Drop every image, then reproduce the data exactly as given.

COLLECTED DATA
● ● ● ● ●
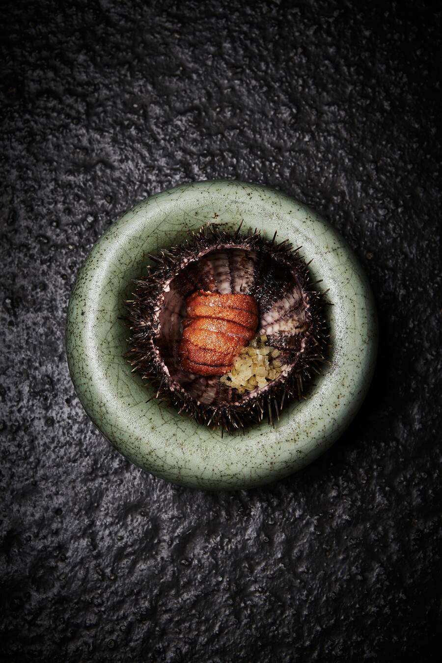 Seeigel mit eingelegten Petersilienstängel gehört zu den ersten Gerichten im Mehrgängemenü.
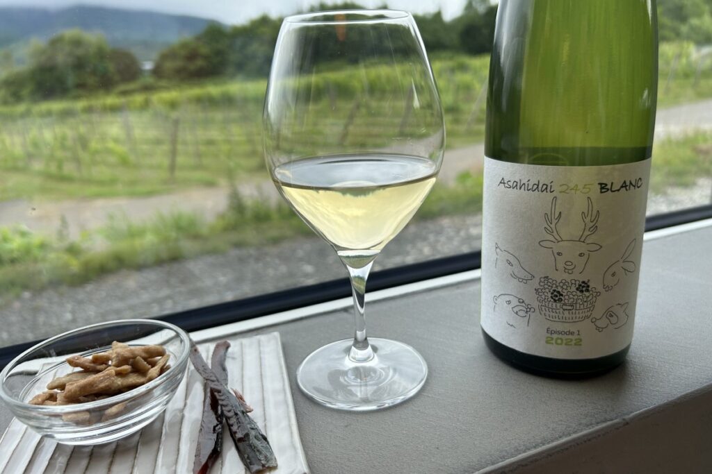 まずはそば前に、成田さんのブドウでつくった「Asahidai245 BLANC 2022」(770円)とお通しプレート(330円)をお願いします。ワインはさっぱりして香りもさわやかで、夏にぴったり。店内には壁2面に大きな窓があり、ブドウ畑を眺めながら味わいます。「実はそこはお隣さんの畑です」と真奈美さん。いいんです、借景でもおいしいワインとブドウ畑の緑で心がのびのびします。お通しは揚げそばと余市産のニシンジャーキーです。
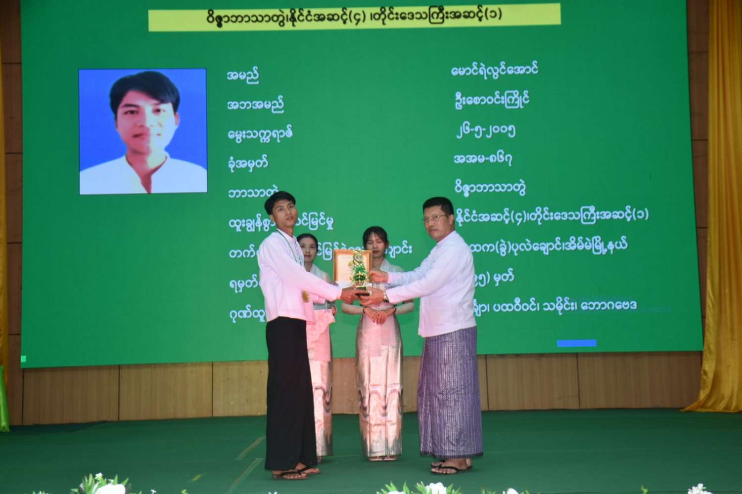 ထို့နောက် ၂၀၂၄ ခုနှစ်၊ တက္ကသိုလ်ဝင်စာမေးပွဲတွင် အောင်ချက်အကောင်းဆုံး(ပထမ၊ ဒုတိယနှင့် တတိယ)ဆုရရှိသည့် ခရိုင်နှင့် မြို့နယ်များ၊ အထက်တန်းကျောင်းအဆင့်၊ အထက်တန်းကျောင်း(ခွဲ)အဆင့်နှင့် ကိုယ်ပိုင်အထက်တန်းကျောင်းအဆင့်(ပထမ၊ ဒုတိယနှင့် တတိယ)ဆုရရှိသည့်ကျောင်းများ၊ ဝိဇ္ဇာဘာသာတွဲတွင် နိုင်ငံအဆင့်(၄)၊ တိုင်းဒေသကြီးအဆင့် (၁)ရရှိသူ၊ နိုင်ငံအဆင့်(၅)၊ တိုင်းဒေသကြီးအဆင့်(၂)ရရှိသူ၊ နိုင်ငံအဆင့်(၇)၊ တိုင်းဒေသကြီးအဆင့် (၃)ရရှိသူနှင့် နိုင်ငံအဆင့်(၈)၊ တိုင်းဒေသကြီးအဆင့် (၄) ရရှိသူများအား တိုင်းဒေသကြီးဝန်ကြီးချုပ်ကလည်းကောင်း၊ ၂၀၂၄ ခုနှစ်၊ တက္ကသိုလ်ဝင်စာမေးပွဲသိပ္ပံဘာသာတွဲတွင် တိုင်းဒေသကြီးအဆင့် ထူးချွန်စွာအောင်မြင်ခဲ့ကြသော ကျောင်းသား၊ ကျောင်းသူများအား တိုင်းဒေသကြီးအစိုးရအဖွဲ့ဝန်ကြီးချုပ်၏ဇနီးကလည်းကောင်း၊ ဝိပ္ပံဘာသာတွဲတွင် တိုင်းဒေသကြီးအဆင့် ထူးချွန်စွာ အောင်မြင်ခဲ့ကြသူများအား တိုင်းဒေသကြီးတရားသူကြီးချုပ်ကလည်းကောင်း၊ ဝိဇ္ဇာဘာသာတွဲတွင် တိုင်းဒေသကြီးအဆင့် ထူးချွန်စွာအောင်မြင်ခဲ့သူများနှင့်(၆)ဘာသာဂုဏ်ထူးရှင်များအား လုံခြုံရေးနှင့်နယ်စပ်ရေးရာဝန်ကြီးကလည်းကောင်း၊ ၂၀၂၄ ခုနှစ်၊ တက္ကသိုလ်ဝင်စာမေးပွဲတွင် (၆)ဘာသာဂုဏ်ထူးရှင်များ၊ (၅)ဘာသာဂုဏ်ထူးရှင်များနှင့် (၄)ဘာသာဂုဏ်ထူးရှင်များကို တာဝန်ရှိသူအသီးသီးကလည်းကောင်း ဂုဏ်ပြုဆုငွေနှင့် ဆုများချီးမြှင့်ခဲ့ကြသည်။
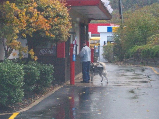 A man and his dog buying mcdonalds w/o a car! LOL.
● ● ● ● ●
ANSWER TO THE EXERCISE
 Seeigel mit eingelegten Petersilienstängel gehört zu den ersten Gerichten im Mehrgängemenü.
 まずはそば前に、成田さんのブドウでつくった「Asahidai245 BLANC 2022」(770円)とお通しプレート(330円)をお願いします。ワインはさっぱりして香りもさわやかで、夏にぴったり。店内には壁2面に大きな窓があり、ブドウ畑を眺めながら味わいます。「実はそこはお隣さんの畑です」と真奈美さん。いいんです、借景でもおいしいワインとブドウ畑の緑で心がのびのびします。お通しは揚げそばと余市産のニシンジャーキーです。
 ထို့နောက် ၂၀၂၄ ခုနှစ်၊ တက္ကသိုလ်ဝင်စာမေးပွဲတွင် အောင်ချက်အကောင်းဆုံး(ပထမ၊ ဒုတိယနှင့် တတိယ)ဆုရရှိသည့် ခရိုင်နှင့် မြို့နယ်များ၊ အထက်တန်းကျောင်းအဆင့်၊ အထက်တန်းကျောင်း(ခွဲ)အဆင့်နှင့် ကိုယ်ပိုင်အထက်တန်းကျောင်းအဆင့်(ပထမ၊ ဒုတိယနှင့် တတိယ)ဆုရရှိသည့်ကျောင်းများ၊ ဝိဇ္ဇာဘာသာတွဲတွင် နိုင်ငံအဆင့်(၄)၊ တိုင်းဒေသကြီးအဆင့် (၁)ရရှိသူ၊ နိုင်ငံအဆင့်(၅)၊ တိုင်းဒေသကြီးအဆင့်(၂)ရရှိသူ၊ နိုင်ငံအဆင့်(၇)၊ တိုင်းဒေသကြီးအဆင့် (၃)ရရှိသူနှင့် နိုင်ငံအဆင့်(၈)၊ တိုင်းဒေသကြီးအဆင့် (၄) ရရှိသူများအား တိုင်းဒေသကြီးဝန်ကြီးချုပ်ကလည်းကောင်း၊ ၂၀၂၄ ခုနှစ်၊ တက္ကသိုလ်ဝင်စာမေးပွဲသိပ္ပံဘာသာတွဲတွင် တိုင်းဒေသကြီးအဆင့် ထူးချွန်စွာအောင်မြင်ခဲ့ကြသော ကျောင်းသား၊ ကျောင်းသူများအား တိုင်းဒေသကြီးအစိုးရအဖွဲ့ဝန်ကြီးချုပ်၏ဇနီးကလည်းကောင်း၊ ဝိပ္ပံဘာသာတွဲတွင် တိုင်းဒေသကြီးအဆင့် ထူးချွန်စွာ အောင်မြင်ခဲ့ကြသူများအား တိုင်းဒေသကြီးတရားသူကြီးချုပ်ကလည်းကောင်း၊ ဝိဇ္ဇာဘာသာတွဲတွင် တိုင်းဒေသကြီးအဆင့် ထူးချွန်စွာအောင်မြင်ခဲ့သူများနှင့်(၆)ဘာသာဂုဏ်ထူးရှင်များအား လုံခြုံရေးနှင့်နယ်စပ်ရေးရာဝန်ကြီးကလည်းကောင်း၊ ၂၀၂၄ ခုနှစ်၊ တက္ကသိုလ်ဝင်စာမေးပွဲတွင် (၆)ဘာသာဂုဏ်ထူးရှင်များ၊ (၅)ဘာသာဂုဏ်ထူးရှင်များနှင့် (၄)ဘာသာဂုဏ်ထူးရှင်များကို တာဝန်ရှိသူအသီးသီးကလည်းကောင်း ဂုဏ်ပြုဆုငွေနှင့် ဆုများချီးမြှင့်ခဲ့ကြသည်။
 A man and his dog buying mcdonalds w/o a car! LOL.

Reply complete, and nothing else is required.